Divine stock struggles 
By Michele Fitzpatrick 
Tribune Staff Writer 
September 21, 2000 
Divine Interventures' stock closed at $5 after hitting a new low Wednesday
afternoon. 

The stock price at its low was $4.94 a share, from a start for the day of
$5.81. Divine was offered at $9 in its July 12 opening on Nasdaq. 

In a busy day for tech stocks, trading volume in Class A shares of the
Chicago Internet incubator was 466,300 shares, 3 percent of shares
outstanding. 

Given the local tech incubator's recent challenges, the drop didn't surprise
George Nichols, a stock analyst specializing in IPOs and the Internet for
Morningstar.com. 

"The company faces challenges greater than many because such a large
percentage of its assets are tied to private companies, and those companies
are very early start-ups which haven't shown a profit," he said. 

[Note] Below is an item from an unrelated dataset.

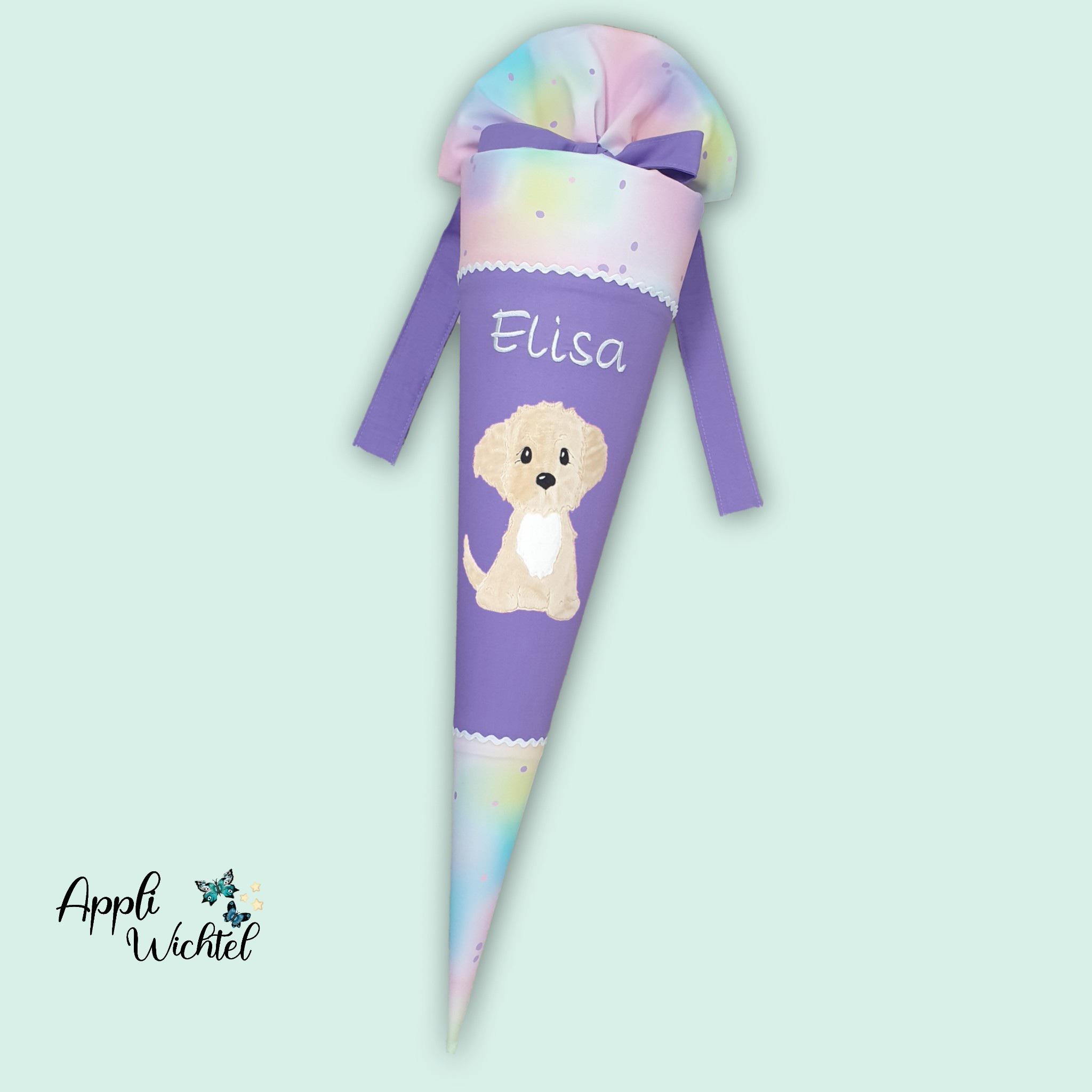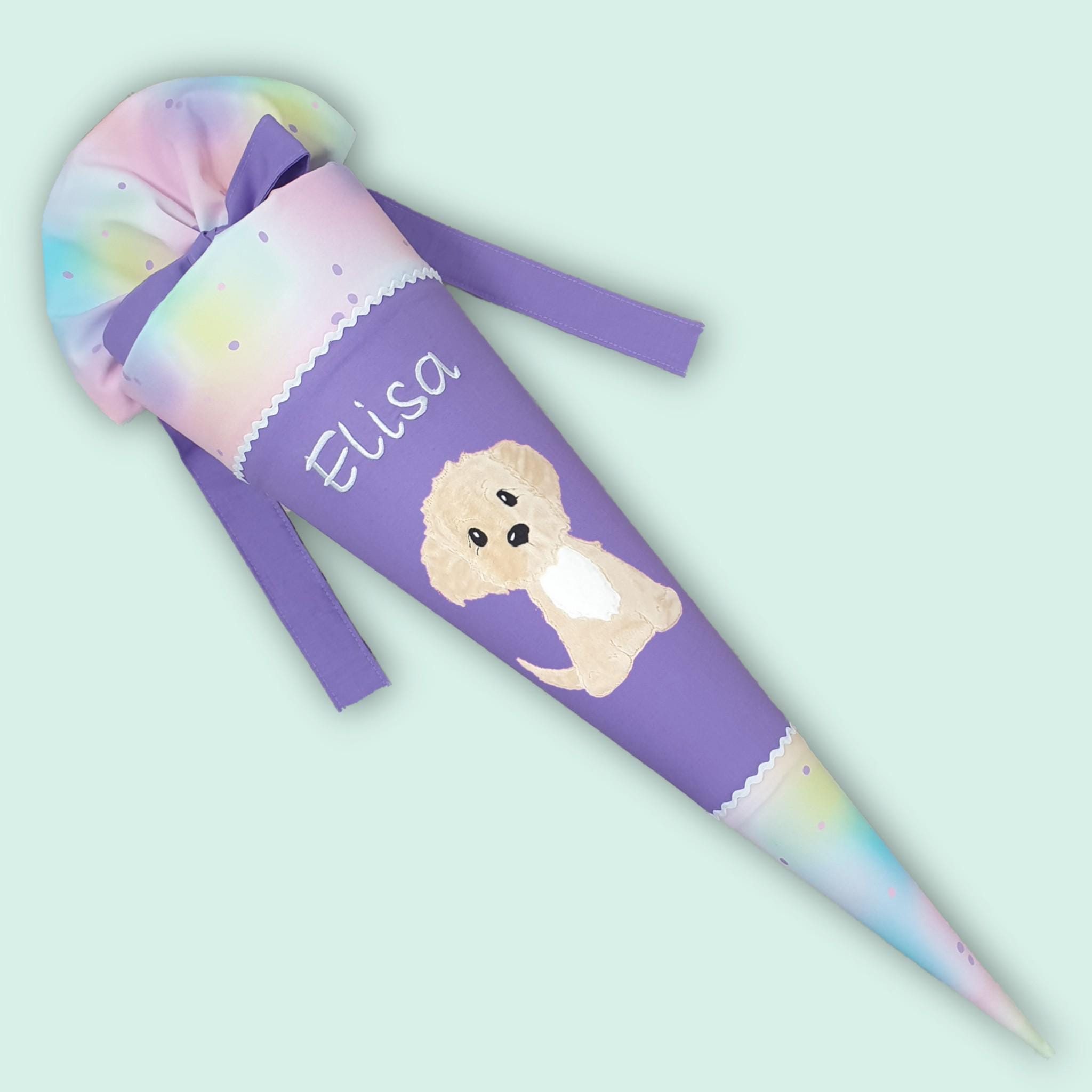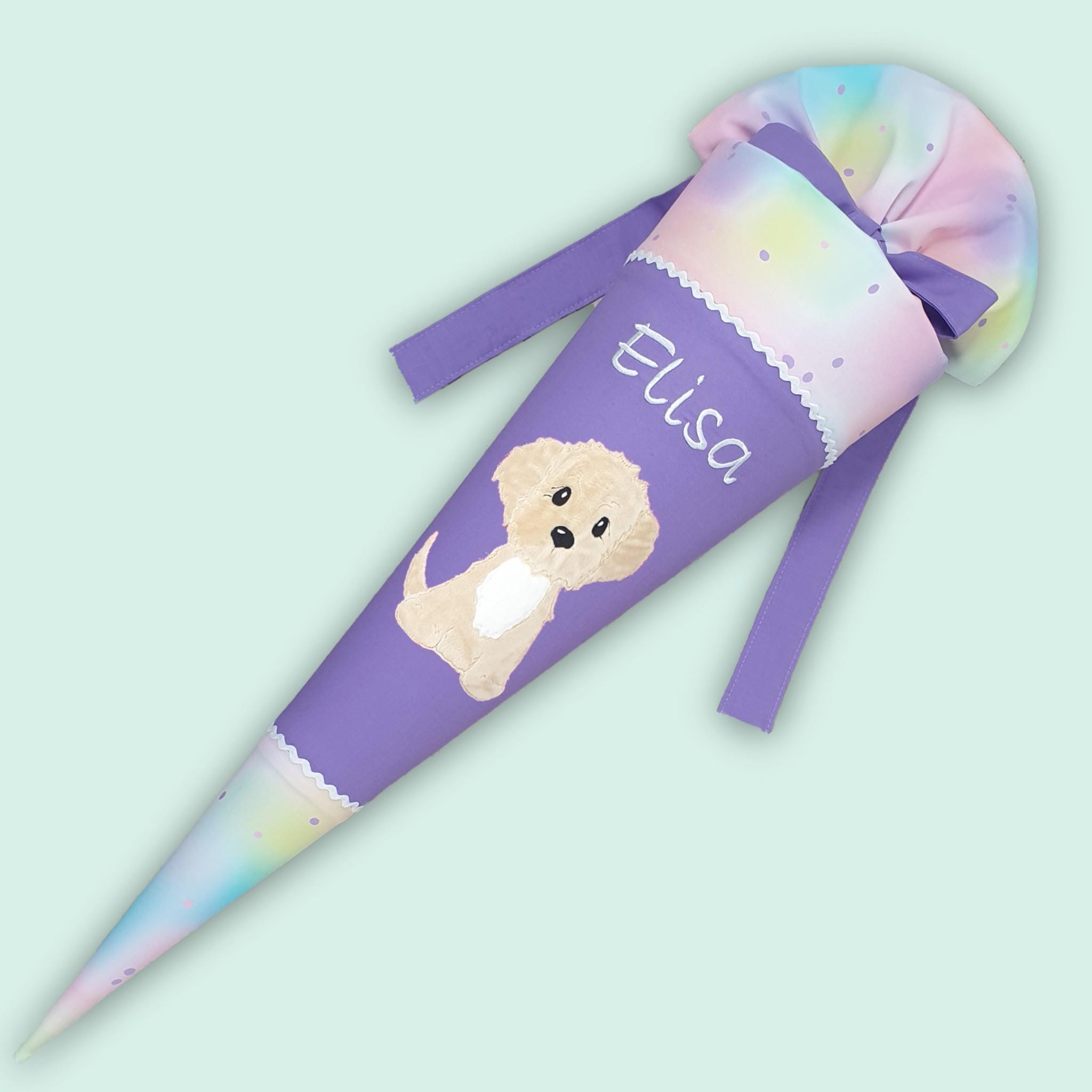 Schultüte mit Hund und Namen farblich auf den Step by step Butterfly Luna abgestimmt.

Nichols referred to a Divine prospectus filed in March that indicated 30 out
of 52 of its companies were not generating revenue and that the majority of
those companies were losing money. 

"The VC market has languished since March," Nichols said. "Divine is a
recent IPO that can't get out of the starting gate … while investors are
looking to see it generate profit. (Divine) invested money into cash-burning
ventures, (doesn't) have a proven track record, and investors are waiting to
see if they can deliver." 

Nichols said he had no evidence to link the stock's dip to Monday's
announcement of the departure of Divine's president, Scott Hartkopf, and
chief operating officer, Lynn Wilson. 

"I suspect it (the drop) is a morale-deflator to Divine employees, for whom
stock options are an incentive," Nichols said.